Analyst reports: Financial analysts and industry studies regularly publish reports and research on companies. These reports offer in-depth analyses of financial performance, corporate strategies, and future prospects.
Public registers: In some cases, it is possible to obtain information on companies from public registers, such as the business register or the patent office. These registers can provide data on ownership, executives, licenses, and patents.”
Interesting, isn’t it? Clearly, all this data should be taken with a grain of salt; maybe these sites are just examples among many, but we’ve learned something.
Shall I conclude? No, we’ve only just started to move into a new territory.
This was just a small, somewhat playful experiment. These models operate probabilistically; intuition cannot always be used to arrive at any certainty, but if I’ve learned anything in these days, it’s precisely that we don’t know how they move internally (I know, I sound like Socrates). Probably, under the hood of these tools, there’s much more than we know, and even those who created them can’t trace the path between a question and an answer. You can’t step into the same river twice: panta rei, the Greeks used to say. And indeed, if we repeat a question (oh, prompt is the technical term we’ll have to get used to hearing), it’s likely that we’ll get a different result each time.
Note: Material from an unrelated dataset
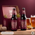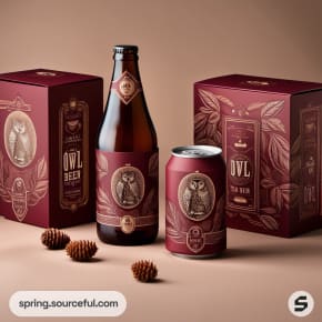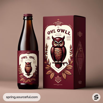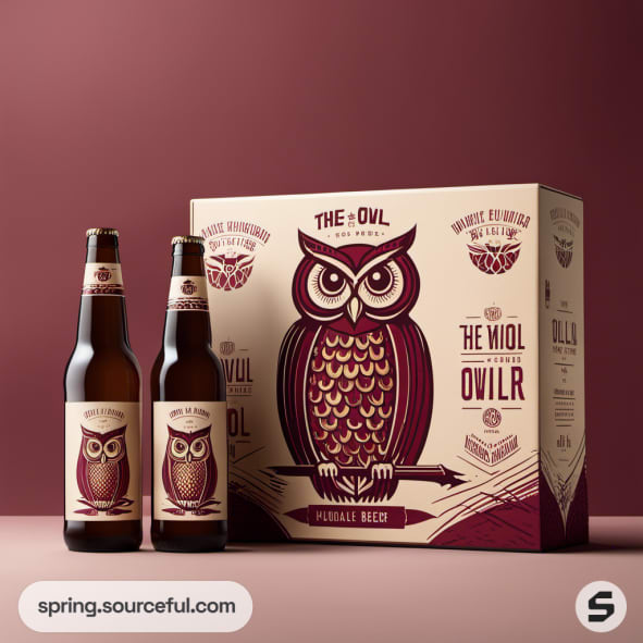 Owl-themed beer bottle next to a matching maroon rectangular box.

To further confuse things, I asked ChatGPT the question again on the date this article was published, and here’s the response:
“Develer, an Italian company specializing in software development and technology consulting, has around 40 employees.
Would you like to know more about Develer?”
So how do we optimize our websites? For now, I’d say just as we’ve always done. Maybe with a bit more attention to data consistency, thinking not only about the website but also about social channels, other websites, and even more traditional media.
And then, why not?, getting help from artificial intelligence, but keep your eyes peeled! 🙂.